• [About this task] Apart from the pictures, every entry below must be given again exactly.

• [Data to process]

◆ ◆ ◆ ◆ ◆ ◆ ◆

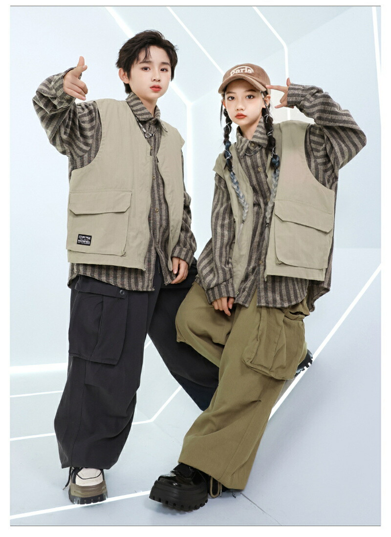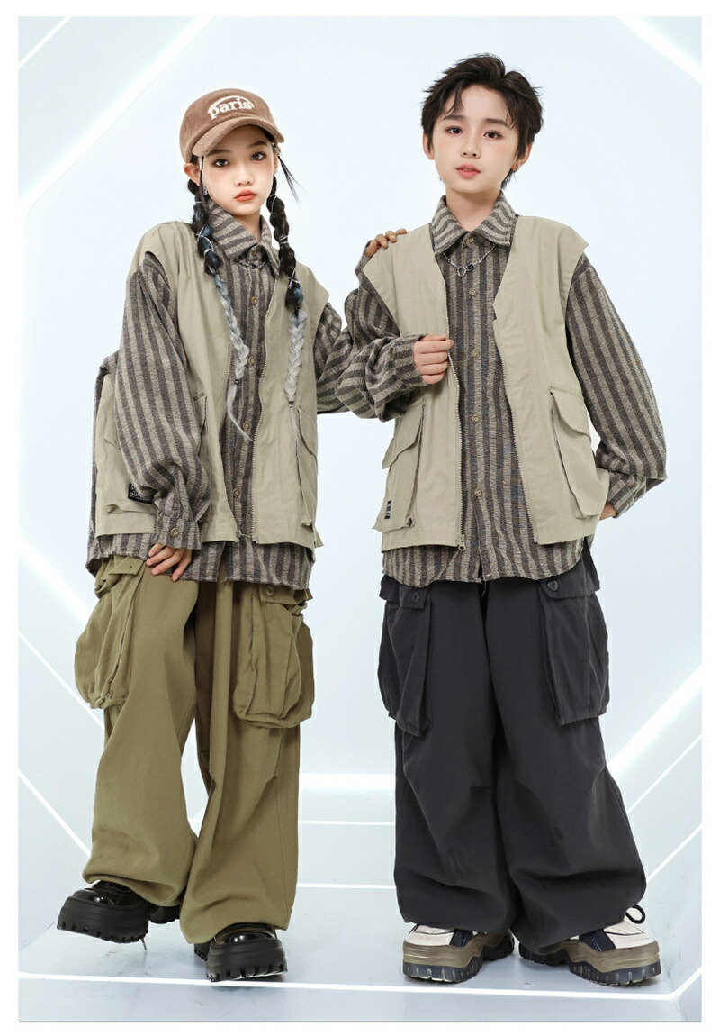 ダンス衣装 キッズ HIPHOP Y2 キッズ スーツ カジュアルセットアップ カジュアルパンツセット 新登場! トップス カーキズボン グレーズボン トップス+カーキズボン トップス+グレーズボン 110cm 120cm 130cm 140cm 150cm 160cm 170cm 180cm
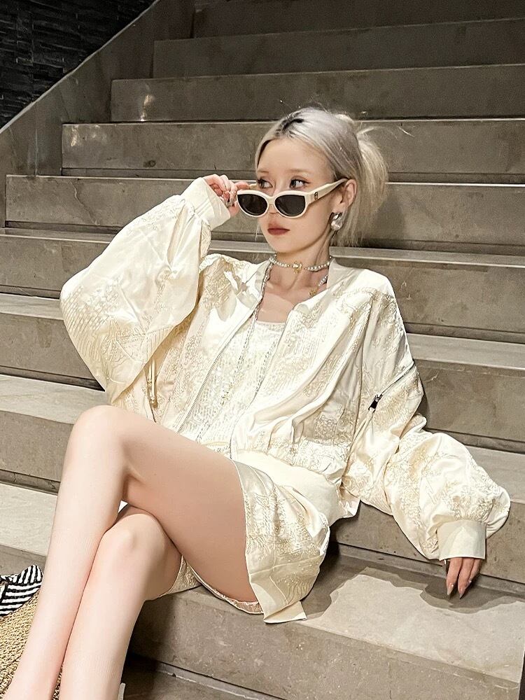 【セットアップ】ジャケット ブルゾン カーディガン 白 黒 カーディガン ストリート
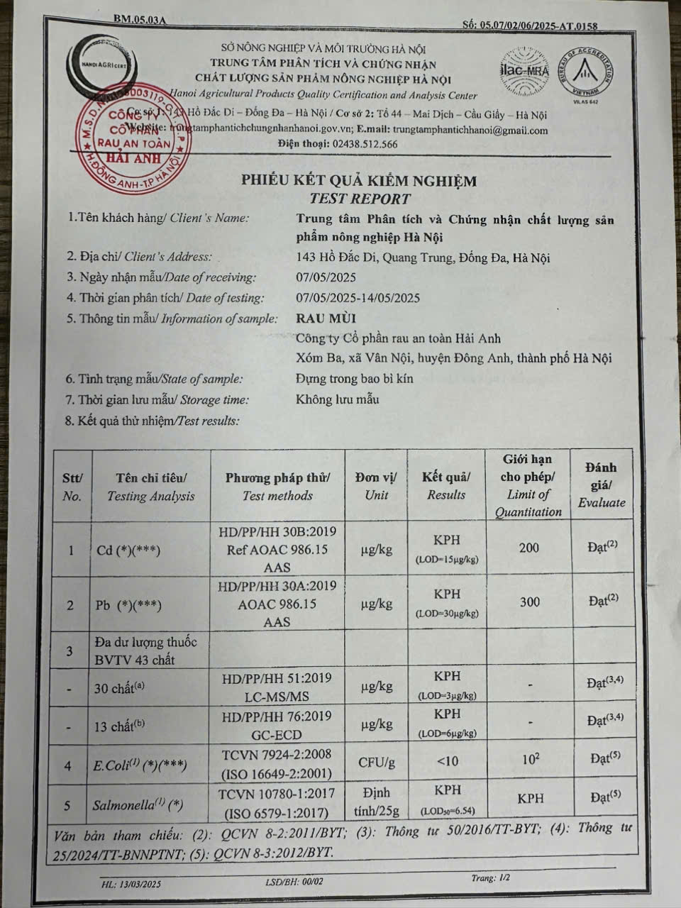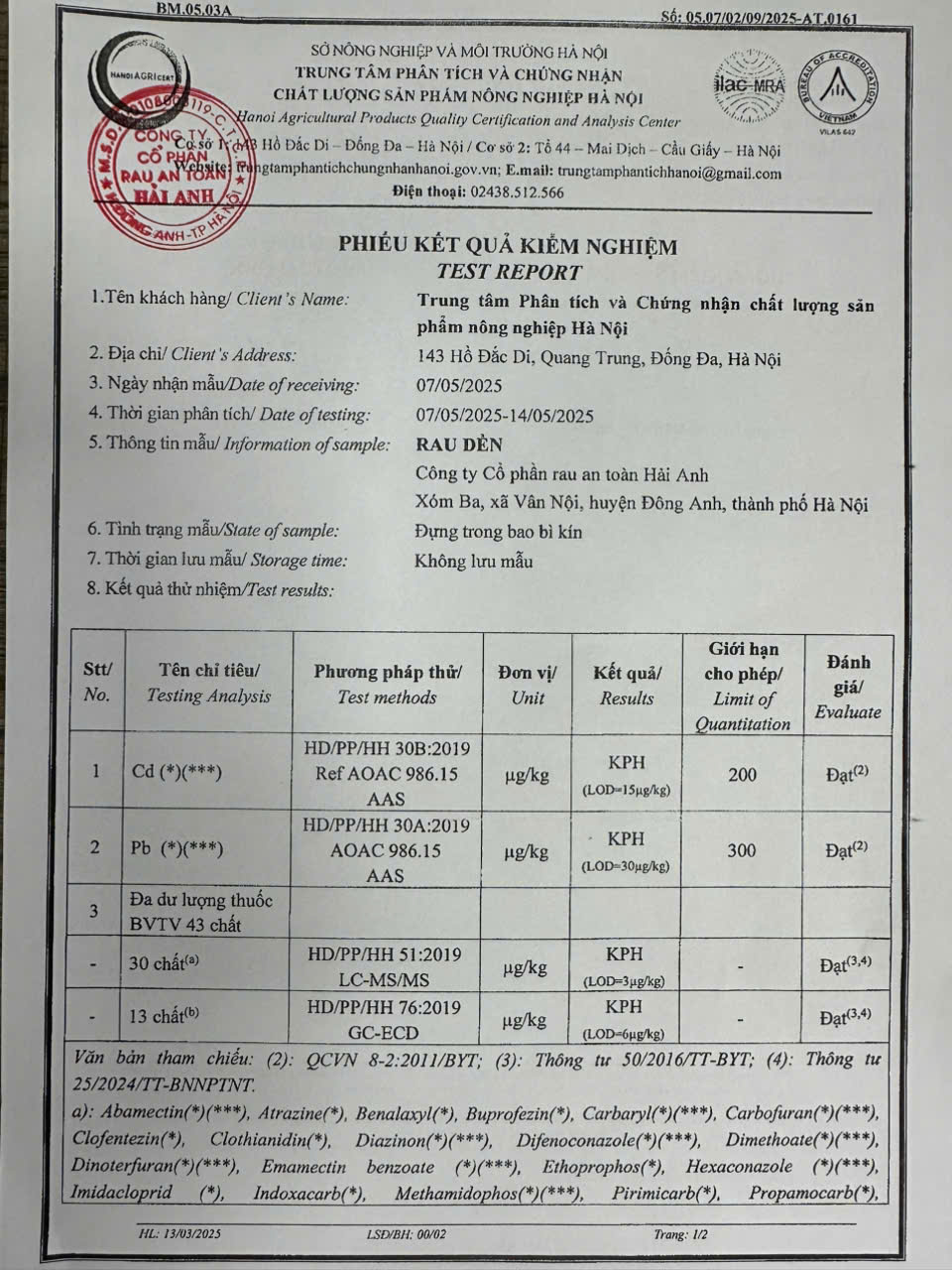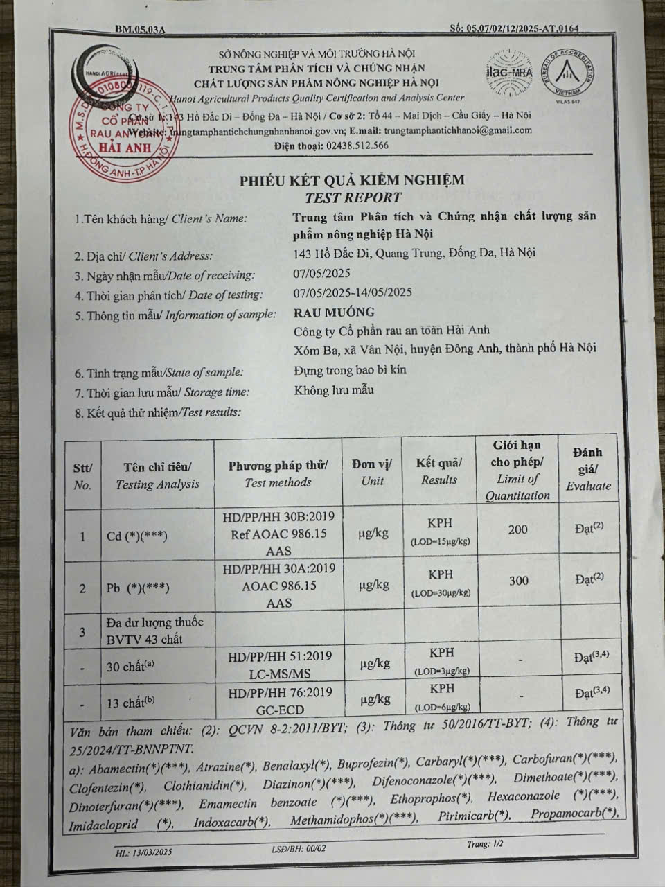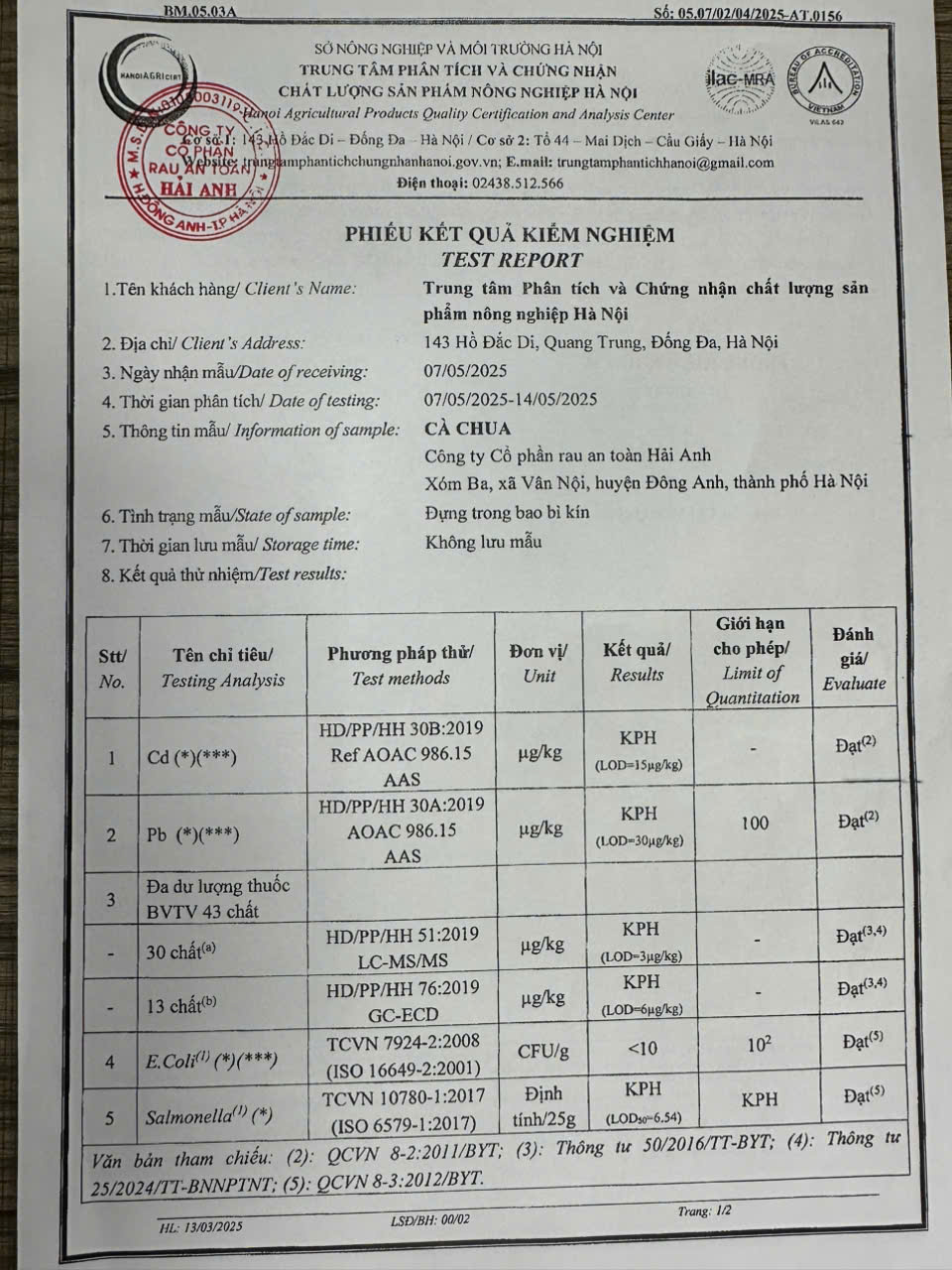 Tên đơn vị/nhà sản xuất: Công ty Cổ phần Rau An Toàn Hải Anh
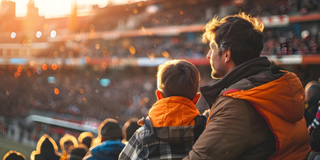 Father and son bonding at a rugby match amidst passionate fans, fostering unity. Concept Father and Son Bonding, Rugby Match, Passionate Fans, Unity, Sportsmanship
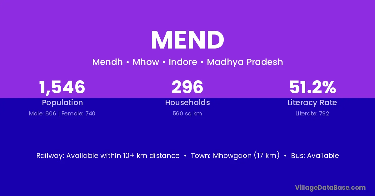 Mhowgaon (17 km) is the nearest town to Mend village for major economic activities and is located approximately 17 km away.

◆ ◆ ◆ ◆ ◆ ◆ ◆

• [Result for this task]
 ダンス衣装 キッズ HIPHOP Y2 キッズ スーツ カジュアルセットアップ カジュアルパンツセット 新登場! トップス カーキズボン グレーズボン トップス+カーキズボン トップス+グレーズボン 110cm 120cm 130cm 140cm 150cm 160cm 170cm 180cm
 【セットアップ】ジャケット ブルゾン カーディガン 白 黒 カーディガン ストリート
 Tên đơn vị/nhà sản xuất: Công ty Cổ phần Rau An Toàn Hải Anh
 Father and son bonding at a rugby match amidst passionate fans, fostering unity. Concept Father and Son Bonding, Rugby Match, Passionate Fans, Unity, Sportsmanship
 Mhowgaon (17 km) is the nearest town to Mend village for major economic activities and is located approximately 17 km away.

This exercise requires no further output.